Find the line containing "107 Blätter Umschläge" in the listing below; reproduce it and every line after, exactly. Skip pictures.

## Supplied information
○ ○ ○ ○
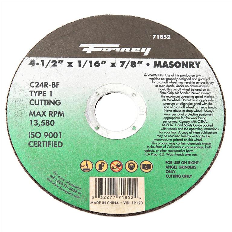 safe, dependable service. Type 1, 4-1/2″ x 1/16″ x 7/8″. Maximum RPMs:
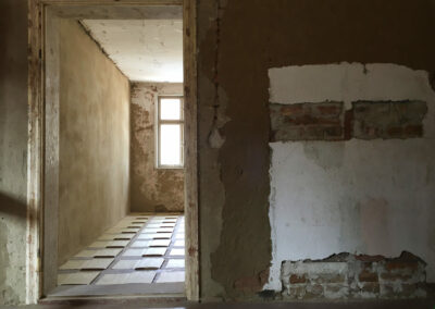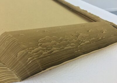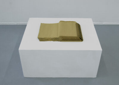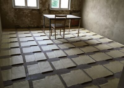 107 Blätter Umschläge liegen auf dem Boden der zwei Räume verteilt. Diese wurden mit dem Cutter zerrissen und zeigen völlig offen ihre Innenseite. Die geöffnete Form erinnert an einen Grundriss eines Raumes. Diese Arbeit ist inspiriert von meiner eigenen Lebenserfahrung, in der ich versuchte, mich anzupassen, indem ich mich zunächst neuen Umgebungen und Menschen öffnete.
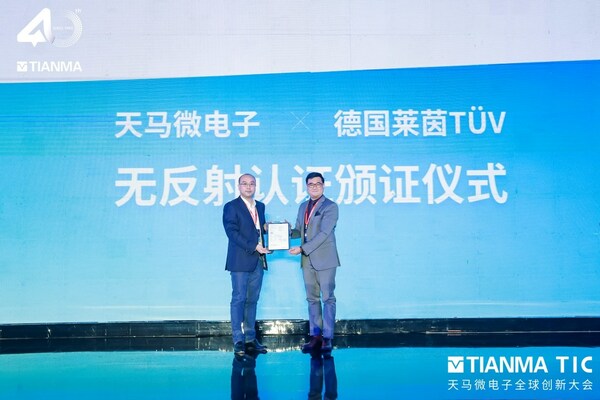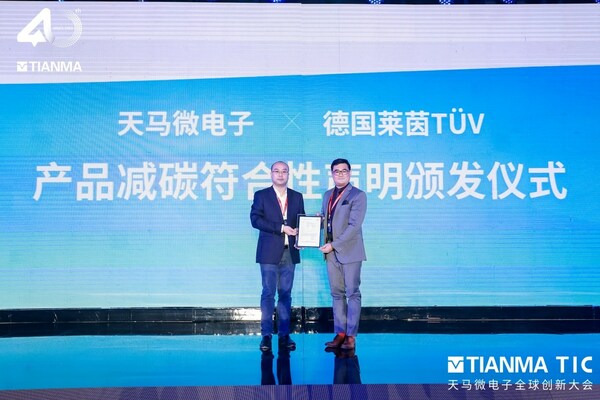 厦门2023年12月1日 /新闻稿网 - Xinwengao.com/ — 日前,国际独立第三方检测、检验和认证机构德国莱茵TÜV大中华区(简称"TÜV莱茵")受邀参加天马微电子股份有限公司(简称"天马")全球创新大会(TIC 2023)。大会上,TÜV莱茵大中华区电子电气产品服务副总裁杨佳劼为天马Mini LED面板颁发了减碳符合性声明,并为天马LCD显示屏颁发了无反射认证证书。
○ ○ ○ ○
## Response to the task
 107 Blätter Umschläge liegen auf dem Boden der zwei Räume verteilt. Diese wurden mit dem Cutter zerrissen und zeigen völlig offen ihre Innenseite. Die geöffnete Form erinnert an einen Grundriss eines Raumes. Diese Arbeit ist inspiriert von meiner eigenen Lebenserfahrung, in der ich versuchte, mich anzupassen, indem ich mich zunächst neuen Umgebungen und Menschen öffnete.
 厦门2023年12月1日 /新闻稿网 - Xinwengao.com/ — 日前,国际独立第三方检测、检验和认证机构德国莱茵TÜV大中华区(简称"TÜV莱茵")受邀参加天马微电子股份有限公司(简称"天马")全球创新大会(TIC 2023)。大会上,TÜV莱茵大中华区电子电气产品服务副总裁杨佳劼为天马Mini LED面板颁发了减碳符合性声明,并为天马LCD显示屏颁发了无反射认证证书。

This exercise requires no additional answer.